Stored data:
• • • • • • •
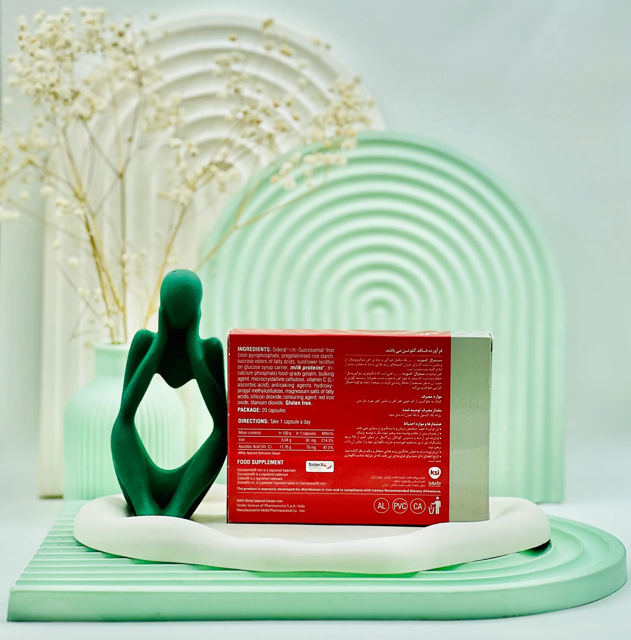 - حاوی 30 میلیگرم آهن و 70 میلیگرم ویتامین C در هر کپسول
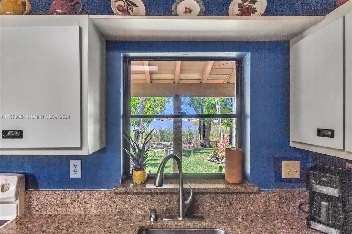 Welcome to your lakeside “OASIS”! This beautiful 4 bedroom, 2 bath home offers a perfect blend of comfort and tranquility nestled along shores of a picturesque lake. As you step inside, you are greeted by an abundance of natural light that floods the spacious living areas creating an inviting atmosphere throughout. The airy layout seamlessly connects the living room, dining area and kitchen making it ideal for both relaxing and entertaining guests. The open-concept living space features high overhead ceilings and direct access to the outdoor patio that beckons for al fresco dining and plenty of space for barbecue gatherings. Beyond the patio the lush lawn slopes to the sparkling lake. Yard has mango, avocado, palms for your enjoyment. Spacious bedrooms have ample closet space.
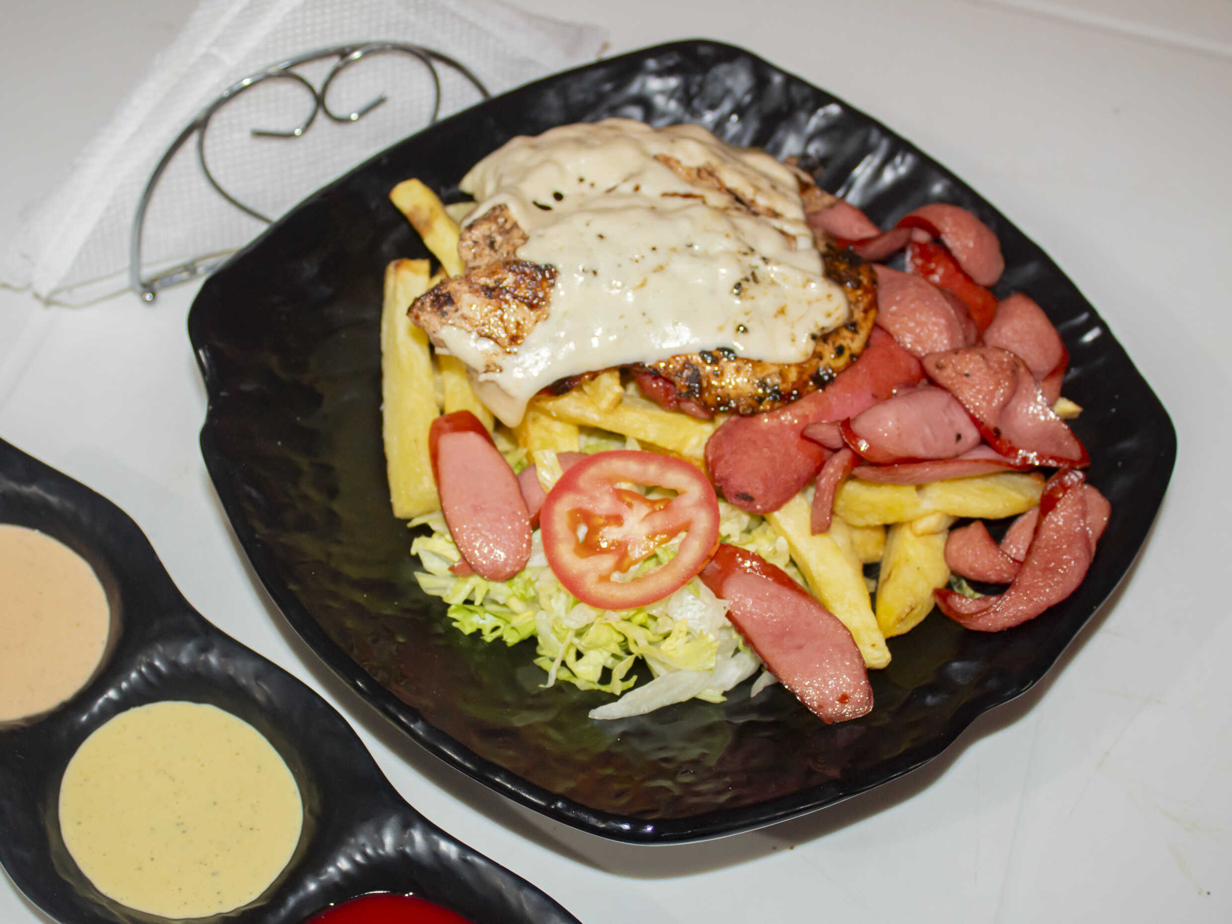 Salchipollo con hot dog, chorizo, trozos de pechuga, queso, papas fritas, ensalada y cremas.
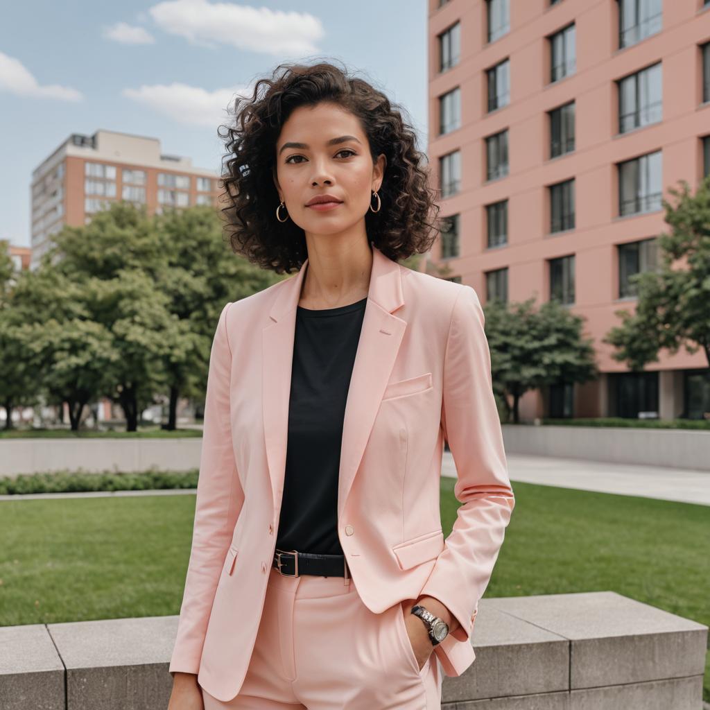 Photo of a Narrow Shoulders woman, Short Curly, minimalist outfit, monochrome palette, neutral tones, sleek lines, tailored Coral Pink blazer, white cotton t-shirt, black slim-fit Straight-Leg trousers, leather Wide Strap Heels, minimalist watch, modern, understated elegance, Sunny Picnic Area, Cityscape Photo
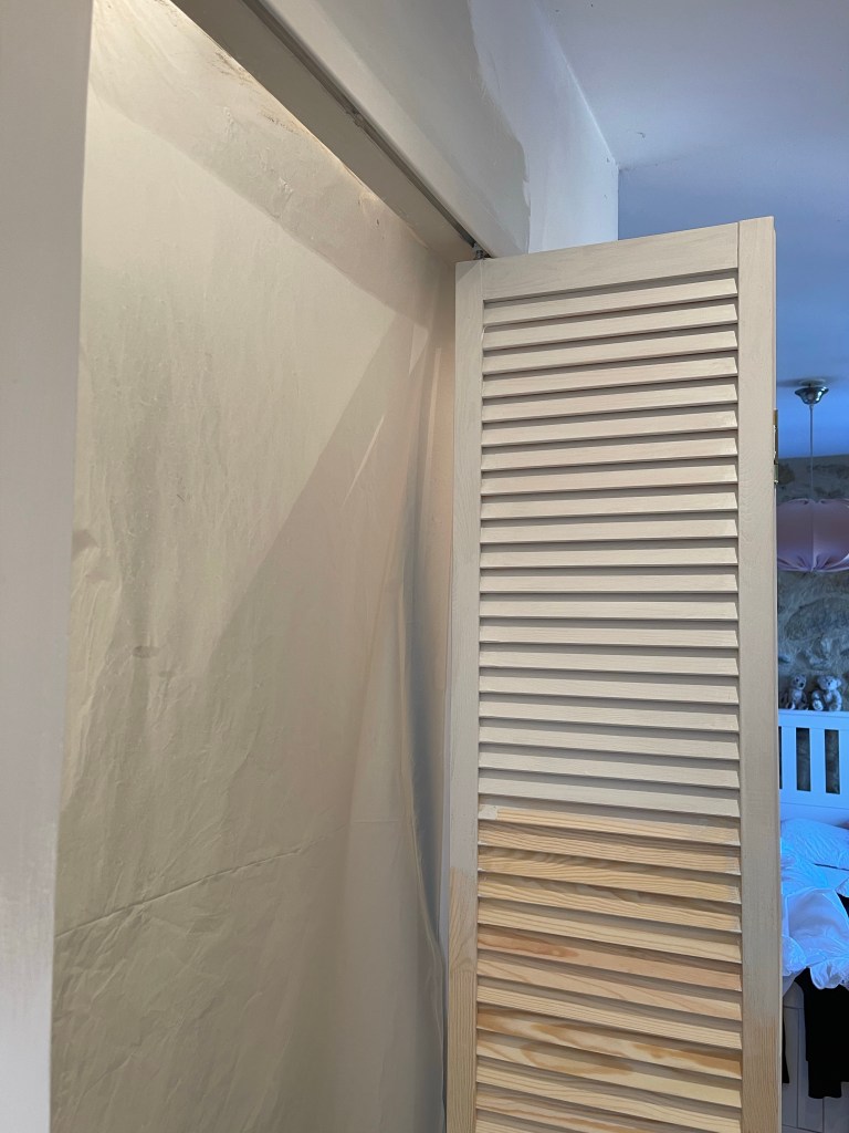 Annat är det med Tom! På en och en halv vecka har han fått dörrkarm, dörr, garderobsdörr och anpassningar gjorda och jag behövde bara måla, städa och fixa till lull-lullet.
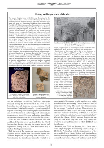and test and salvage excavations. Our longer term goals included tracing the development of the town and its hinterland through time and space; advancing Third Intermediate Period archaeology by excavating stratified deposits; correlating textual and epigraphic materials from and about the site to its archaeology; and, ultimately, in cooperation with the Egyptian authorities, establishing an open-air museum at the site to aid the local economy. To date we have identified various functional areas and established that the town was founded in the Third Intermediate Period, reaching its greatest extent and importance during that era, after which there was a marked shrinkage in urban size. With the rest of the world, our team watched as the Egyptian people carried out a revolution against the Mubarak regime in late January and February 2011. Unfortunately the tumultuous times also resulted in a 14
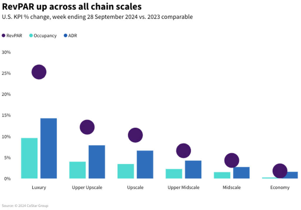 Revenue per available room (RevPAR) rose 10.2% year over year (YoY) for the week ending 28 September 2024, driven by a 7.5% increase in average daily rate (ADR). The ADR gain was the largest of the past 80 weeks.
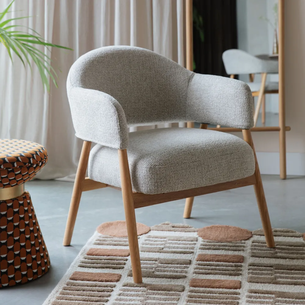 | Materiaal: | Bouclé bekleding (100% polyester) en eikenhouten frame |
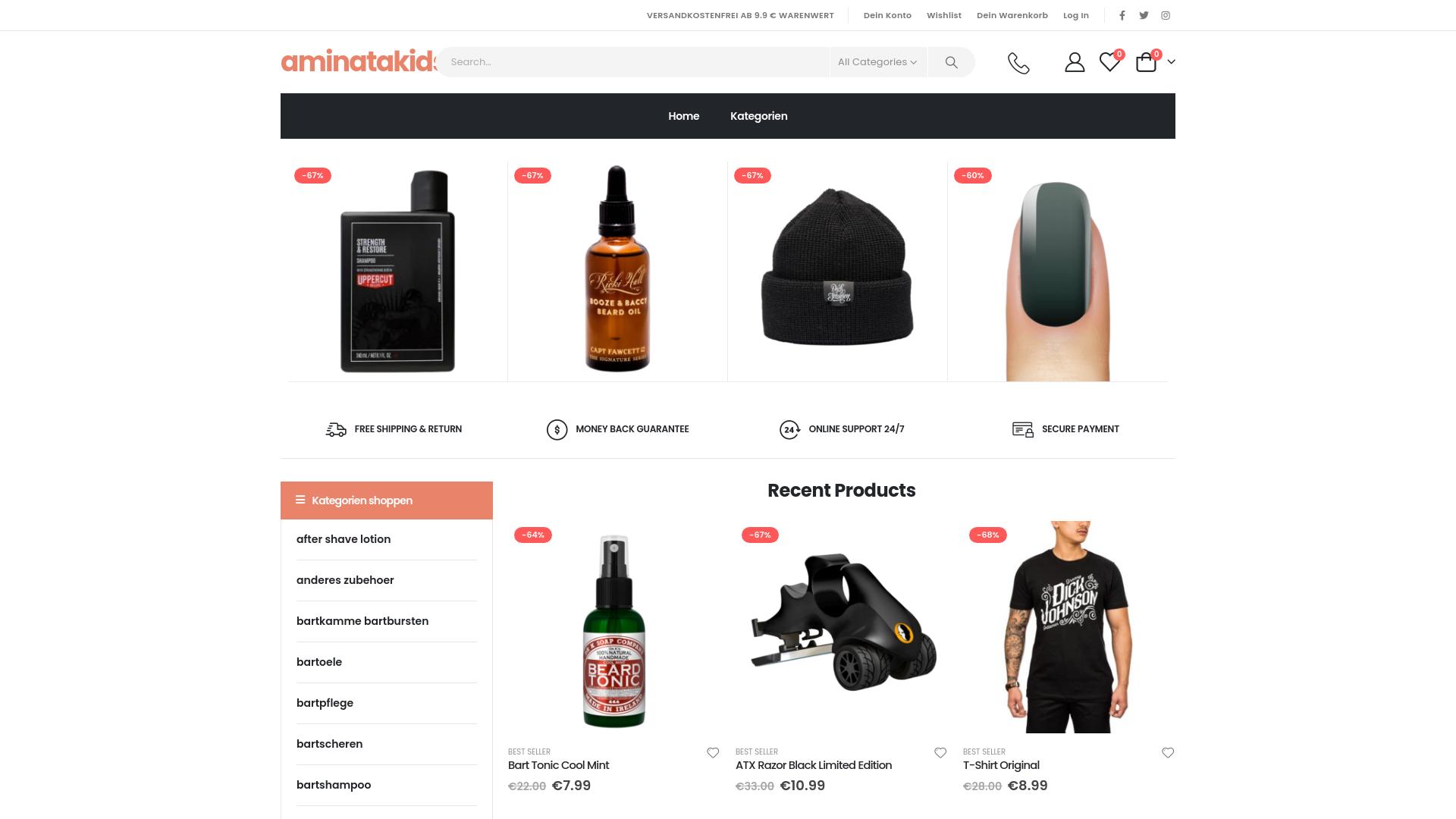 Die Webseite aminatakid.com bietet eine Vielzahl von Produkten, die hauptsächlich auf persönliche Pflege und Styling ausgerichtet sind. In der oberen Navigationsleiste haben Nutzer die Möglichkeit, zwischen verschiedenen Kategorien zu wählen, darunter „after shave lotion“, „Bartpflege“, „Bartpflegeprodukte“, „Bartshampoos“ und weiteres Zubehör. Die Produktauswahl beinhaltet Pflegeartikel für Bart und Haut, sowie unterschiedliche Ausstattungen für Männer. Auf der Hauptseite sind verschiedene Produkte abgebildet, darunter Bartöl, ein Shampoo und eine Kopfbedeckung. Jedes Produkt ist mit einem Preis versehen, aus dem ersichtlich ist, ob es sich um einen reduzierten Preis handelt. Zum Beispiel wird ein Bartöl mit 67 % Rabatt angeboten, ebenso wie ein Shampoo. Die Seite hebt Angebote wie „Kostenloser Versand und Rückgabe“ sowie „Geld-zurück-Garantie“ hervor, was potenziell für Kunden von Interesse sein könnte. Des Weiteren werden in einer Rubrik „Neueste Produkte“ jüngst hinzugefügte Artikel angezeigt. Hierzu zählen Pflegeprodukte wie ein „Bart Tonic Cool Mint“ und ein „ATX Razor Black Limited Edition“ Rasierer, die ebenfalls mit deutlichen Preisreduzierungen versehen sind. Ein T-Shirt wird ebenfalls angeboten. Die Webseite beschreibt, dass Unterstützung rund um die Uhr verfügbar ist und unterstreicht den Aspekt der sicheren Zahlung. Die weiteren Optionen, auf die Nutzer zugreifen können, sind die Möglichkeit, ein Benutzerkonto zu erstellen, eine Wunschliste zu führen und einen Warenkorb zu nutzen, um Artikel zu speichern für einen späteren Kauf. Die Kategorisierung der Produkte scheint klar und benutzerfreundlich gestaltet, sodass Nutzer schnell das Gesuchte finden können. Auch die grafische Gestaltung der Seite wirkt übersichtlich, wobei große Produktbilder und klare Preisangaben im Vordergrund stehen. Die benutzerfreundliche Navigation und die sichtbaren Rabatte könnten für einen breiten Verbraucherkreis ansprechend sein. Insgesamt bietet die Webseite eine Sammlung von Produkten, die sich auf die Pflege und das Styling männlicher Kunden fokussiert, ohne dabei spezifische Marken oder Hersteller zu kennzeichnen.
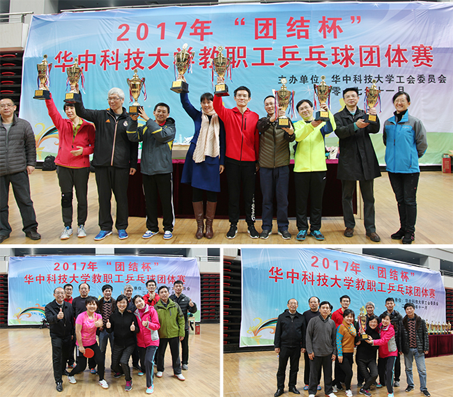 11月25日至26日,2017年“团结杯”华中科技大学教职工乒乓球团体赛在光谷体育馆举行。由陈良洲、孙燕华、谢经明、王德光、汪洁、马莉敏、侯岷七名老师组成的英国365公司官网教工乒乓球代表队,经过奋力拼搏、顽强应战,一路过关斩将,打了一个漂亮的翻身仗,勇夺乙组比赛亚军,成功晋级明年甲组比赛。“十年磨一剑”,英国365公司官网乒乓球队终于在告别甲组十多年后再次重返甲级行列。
• • • • • • •
Exercise directions: Every word of the data should be reproduced exactly; please omit any pictures.

Solution to this task:
 - حاوی 30 میلیگرم آهن و 70 میلیگرم ویتامین C در هر کپسول
 Welcome to your lakeside “OASIS”! This beautiful 4 bedroom, 2 bath home offers a perfect blend of comfort and tranquility nestled along shores of a picturesque lake. As you step inside, you are greeted by an abundance of natural light that floods the spacious living areas creating an inviting atmosphere throughout. The airy layout seamlessly connects the living room, dining area and kitchen making it ideal for both relaxing and entertaining guests. The open-concept living space features high overhead ceilings and direct access to the outdoor patio that beckons for al fresco dining and plenty of space for barbecue gatherings. Beyond the patio the lush lawn slopes to the sparkling lake. Yard has mango, avocado, palms for your enjoyment. Spacious bedrooms have ample closet space.
 Salchipollo con hot dog, chorizo, trozos de pechuga, queso, papas fritas, ensalada y cremas.
 Photo of a Narrow Shoulders woman, Short Curly, minimalist outfit, monochrome palette, neutral tones, sleek lines, tailored Coral Pink blazer, white cotton t-shirt, black slim-fit Straight-Leg trousers, leather Wide Strap Heels, minimalist watch, modern, understated elegance, Sunny Picnic Area, Cityscape Photo
 Annat är det med Tom! På en och en halv vecka har han fått dörrkarm, dörr, garderobsdörr och anpassningar gjorda och jag behövde bara måla, städa och fixa till lull-lullet.
and test and salvage excavations. Our longer term goals included tracing the development of the town and its hinterland through time and space; advancing Third Intermediate Period archaeology by excavating stratified deposits; correlating textual and epigraphic materials from and about the site to its archaeology; and, ultimately, in cooperation with the Egyptian authorities, establishing an open-air museum at the site to aid the local economy. To date we have identified various functional areas and established that the town was founded in the Third Intermediate Period, reaching its greatest extent and importance during that era, after which there was a marked shrinkage in urban size. With the rest of the world, our team watched as the Egyptian people carried out a revolution against the Mubarak regime in late January and February 2011. Unfortunately the tumultuous times also resulted in a 14
 Revenue per available room (RevPAR) rose 10.2% year over year (YoY) for the week ending 28 September 2024, driven by a 7.5% increase in average daily rate (ADR). The ADR gain was the largest of the past 80 weeks.
 | Materiaal: | Bouclé bekleding (100% polyester) en eikenhouten frame |
 Die Webseite aminatakid.com bietet eine Vielzahl von Produkten, die hauptsächlich auf persönliche Pflege und Styling ausgerichtet sind. In der oberen Navigationsleiste haben Nutzer die Möglichkeit, zwischen verschiedenen Kategorien zu wählen, darunter „after shave lotion“, „Bartpflege“, „Bartpflegeprodukte“, „Bartshampoos“ und weiteres Zubehör. Die Produktauswahl beinhaltet Pflegeartikel für Bart und Haut, sowie unterschiedliche Ausstattungen für Männer. Auf der Hauptseite sind verschiedene Produkte abgebildet, darunter Bartöl, ein Shampoo und eine Kopfbedeckung. Jedes Produkt ist mit einem Preis versehen, aus dem ersichtlich ist, ob es sich um einen reduzierten Preis handelt. Zum Beispiel wird ein Bartöl mit 67 % Rabatt angeboten, ebenso wie ein Shampoo. Die Seite hebt Angebote wie „Kostenloser Versand und Rückgabe“ sowie „Geld-zurück-Garantie“ hervor, was potenziell für Kunden von Interesse sein könnte. Des Weiteren werden in einer Rubrik „Neueste Produkte“ jüngst hinzugefügte Artikel angezeigt. Hierzu zählen Pflegeprodukte wie ein „Bart Tonic Cool Mint“ und ein „ATX Razor Black Limited Edition“ Rasierer, die ebenfalls mit deutlichen Preisreduzierungen versehen sind. Ein T-Shirt wird ebenfalls angeboten. Die Webseite beschreibt, dass Unterstützung rund um die Uhr verfügbar ist und unterstreicht den Aspekt der sicheren Zahlung. Die weiteren Optionen, auf die Nutzer zugreifen können, sind die Möglichkeit, ein Benutzerkonto zu erstellen, eine Wunschliste zu führen und einen Warenkorb zu nutzen, um Artikel zu speichern für einen späteren Kauf. Die Kategorisierung der Produkte scheint klar und benutzerfreundlich gestaltet, sodass Nutzer schnell das Gesuchte finden können. Auch die grafische Gestaltung der Seite wirkt übersichtlich, wobei große Produktbilder und klare Preisangaben im Vordergrund stehen. Die benutzerfreundliche Navigation und die sichtbaren Rabatte könnten für einen breiten Verbraucherkreis ansprechend sein. Insgesamt bietet die Webseite eine Sammlung von Produkten, die sich auf die Pflege und das Styling männlicher Kunden fokussiert, ohne dabei spezifische Marken oder Hersteller zu kennzeichnen.
 11月25日至26日,2017年“团结杯”华中科技大学教职工乒乓球团体赛在光谷体育馆举行。由陈良洲、孙燕华、谢经明、王德光、汪洁、马莉敏、侯岷七名老师组成的英国365公司官网教工乒乓球代表队,经过奋力拼搏、顽强应战,一路过关斩将,打了一个漂亮的翻身仗,勇夺乙组比赛亚军,成功晋级明年甲组比赛。“十年磨一剑”,英国365公司官网乒乓球队终于在告别甲组十多年后再次重返甲级行列。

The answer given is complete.